A thick Celtic mist
John de Falbe
SHADE by Neil Jordan John Murray, £16.99, pp. 317, ISBN 0179561868 Areview copy of Shade comes with two pages of admonitory blurb about what an important film-maker Neil Jordan is. This information might be useful for those with gossip columns to fill but it has no more bearing on the likelihood of this being a good novel than if we were told that the author is big in Morris dancing. Either John Murray is indifferent to reviewers in its new berth at HodderHeadline, or the message is, Don't dare review this badly, pipsqueak, cos we can make sure you never work again ... Then there is this quote from John Banville, Ireland's best writer: 'With this fierce, dark and yet luminous novel, Neil Jordan once again demonstrates that he is one of Ireland's most talented artists.' One can almost hear the clink of glasses.

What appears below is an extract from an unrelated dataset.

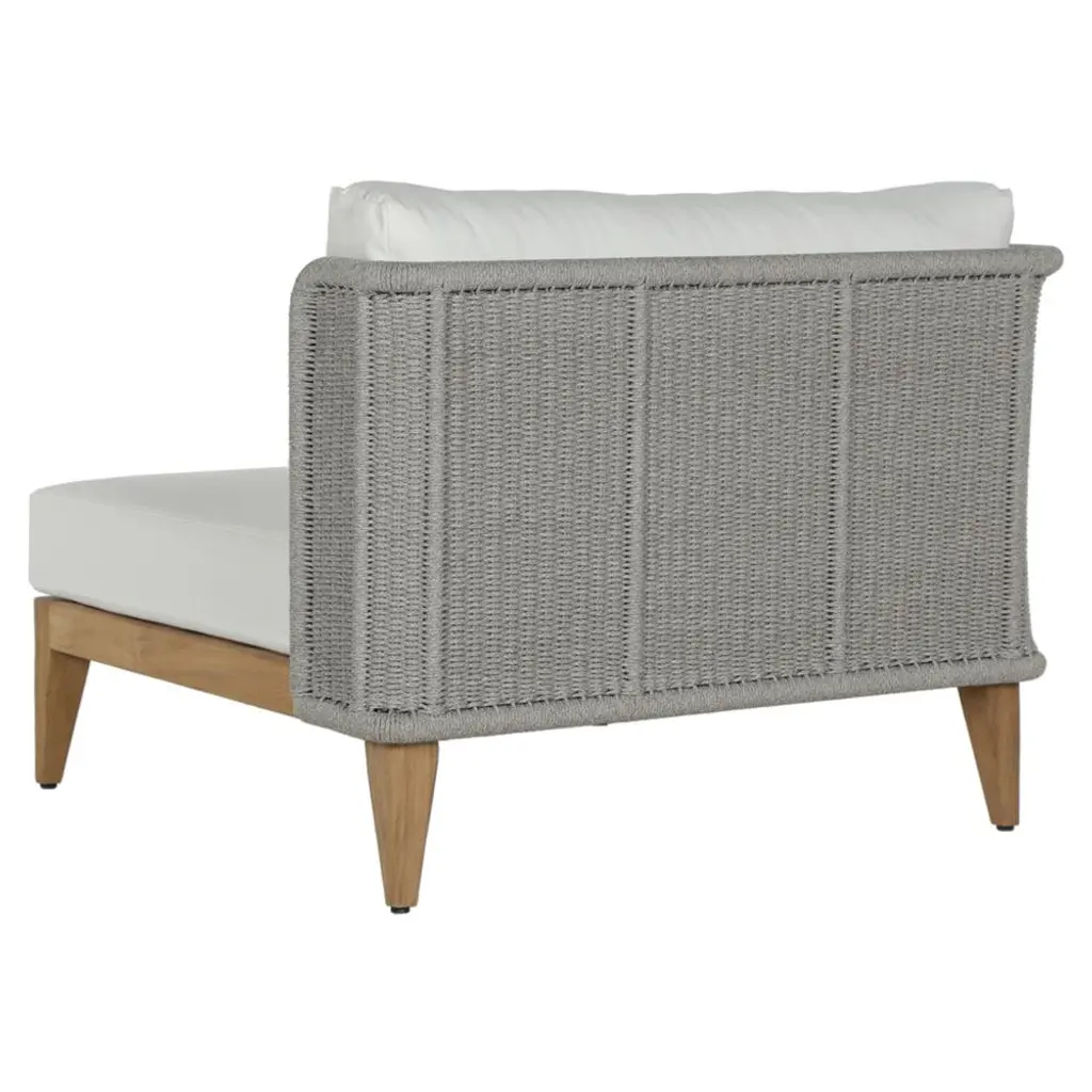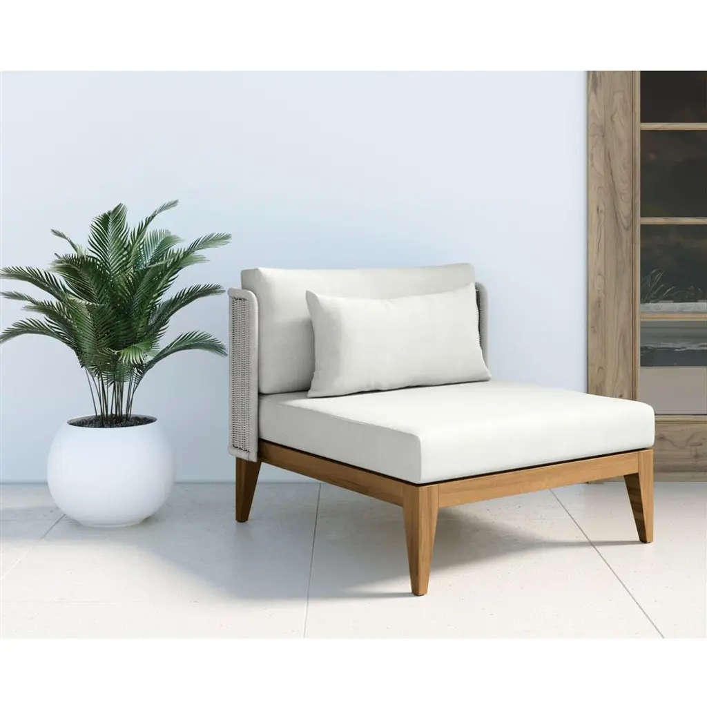 Beeston Coastal White Cushion Natural Teak Woven Outdoor Lounge Chair

A point can come in a novel when, no matter what the author does, the reader is irretrievably lost. It happened to me in Shade near the middle, when the characters were grinding through extracts of As You Like It, and I realised I had absolutely no idea why they were doing it, and still less interest. Anyone but a reviewer would have abandoned the book at this stage; I soldiered on. Arriving, weary, at the novel's anticipated denouement, I felt only relief at the description of someone's head being clumsily chopped off with a pair of garden shears. If this reveals a failure on my part, it also suggests one by the author. First into the dock must be the prose. Consider this sentence: circle of dreams, but was asleep himself so couldn't know it, and if the disturbance crept inside me, the unease I would come to know too well, the vacuity, I would console myself with the possibility that I was after all the dream of that unseen Abbot, and that my vacuity was his.

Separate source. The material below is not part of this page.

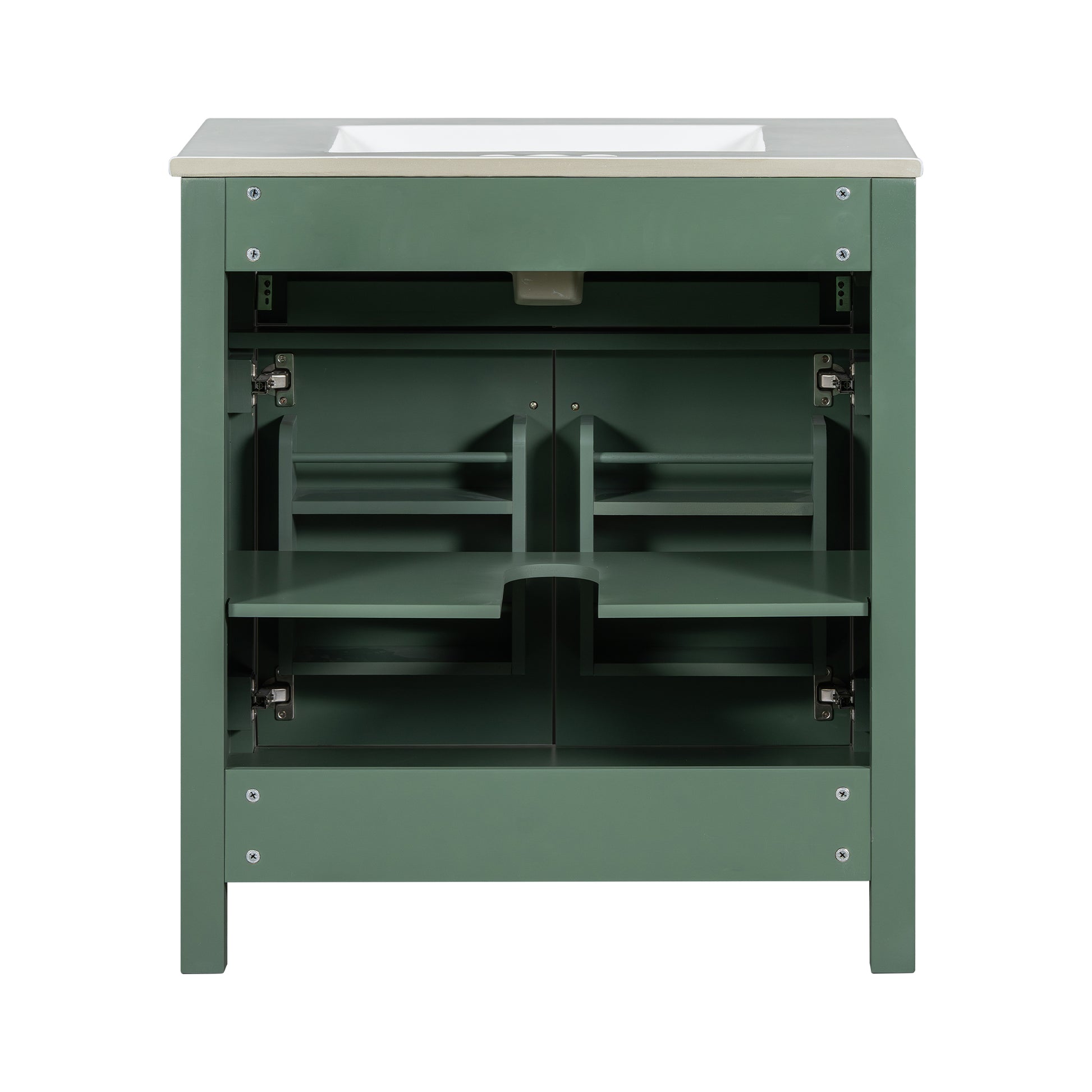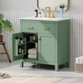 30 Inch Bathroom Vanity With Ceramic Sink, Modern Green Single Bathroom Cabinet With 2 Doors And A Shelf, Soft Close Doors Green Bathroom Solid Wood Mdf

Ladies and gentlemen of the jury what does it mean? Politicians may use language as an instrument of obfuscation, but a reader of novels may surely expect it to be one of communication? Or this: 'I cannot, she thought, cannot have remembered it all, but the house, clever thing that it was, drew it to her.' Here is a characteristic Jordanian repetition, pointless in itself, which yet draws attention to a phrase that manages to be at once banal, jarring and confused. Apart from inverted commas and question marks where necessary, the arsenal of Jordan's punctuation contains only full stops and commas. These could be adequate if his prose possessed any innate sense of rhythm, but it has none that I can recognise. His attempts to introduce it by crude transpositions, repetitions, and by starting sentences with `And', compound the dreariness.

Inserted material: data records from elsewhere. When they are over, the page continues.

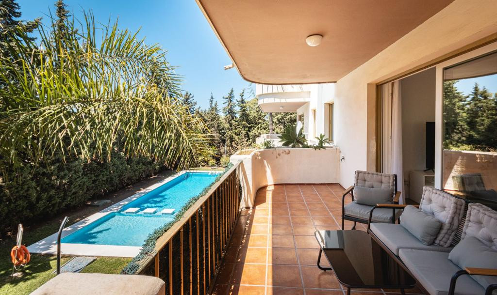 Beautifully positioned on the first floor with a desirable south-facing orientation, this stylishly renovated apartment offers an exceptional lifestyle just steps from the Casino and a short stroll to the vibrant heart of Puerto Banús, including its renowned restaurants, bars, designer boutiques, and sandy beaches. The interior is bright and modern, featuring an open-plan living and dining area seamlessly connected to a fully fitted contemporary kitchen—ideal for both everyday living and entertaining. There are two comfortable bedrooms that share a sleek, updated bathroom, while the living area opens directly onto a sunny private terrace, perfect for relaxing or enjoying the outdoors. The property also includes an underground garage space and a private storage room, while residents can enjoy beautifully maintained communal gardens and a large swimming pool. Whether as a holiday retreat or a year-round residence, this apartment combines style, convenience, and a top-tier location in one of Marbella’s most sought-after areas—an outstanding opportunity not to be missed.
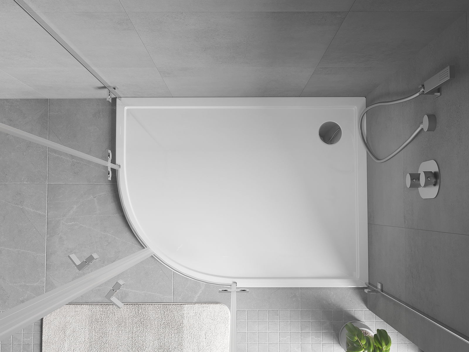 Mexen Flow полукръгъл асиметричен slim десен 100 x 80 см, бял гланц - 46Q108010R
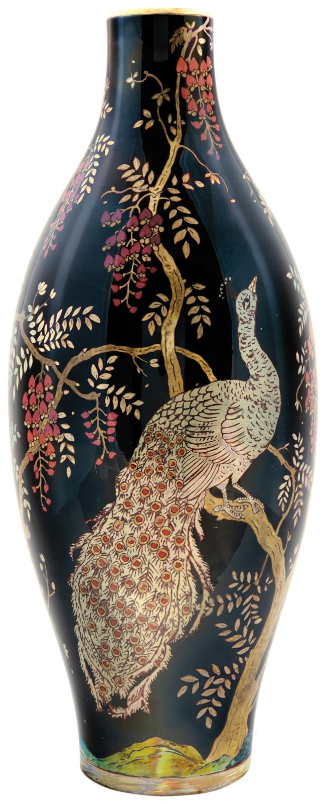 Vase decorated with Peacocks, 1928-1929, Decor Plan by: Sikorskiné Zsolnay, Júlia

If Neil Jordan wrote prose as good as Banville's, then I would probably have been captivated by this tale of lost innocence, four children and a ghost or two (three, if you count the dead narrator), playing beside the River Boyne. As it is, it is a dirge. Which brings me back to Banville's baffling claim on the front of Shade. Am I so wrong about the book? Banville is supported on the back, after all, by another distinguished Irish novelist, Patrick McCabe. McCabe declares that the denouement is 'heartbreaking'. It is not. 'Triumphant,' he says. Cheers. The only sense I can make of the assertion that Shade 'confirms Neil Jordan as one of Ireland's greatest artists' is if Banville takes a very dismal view of Irish art.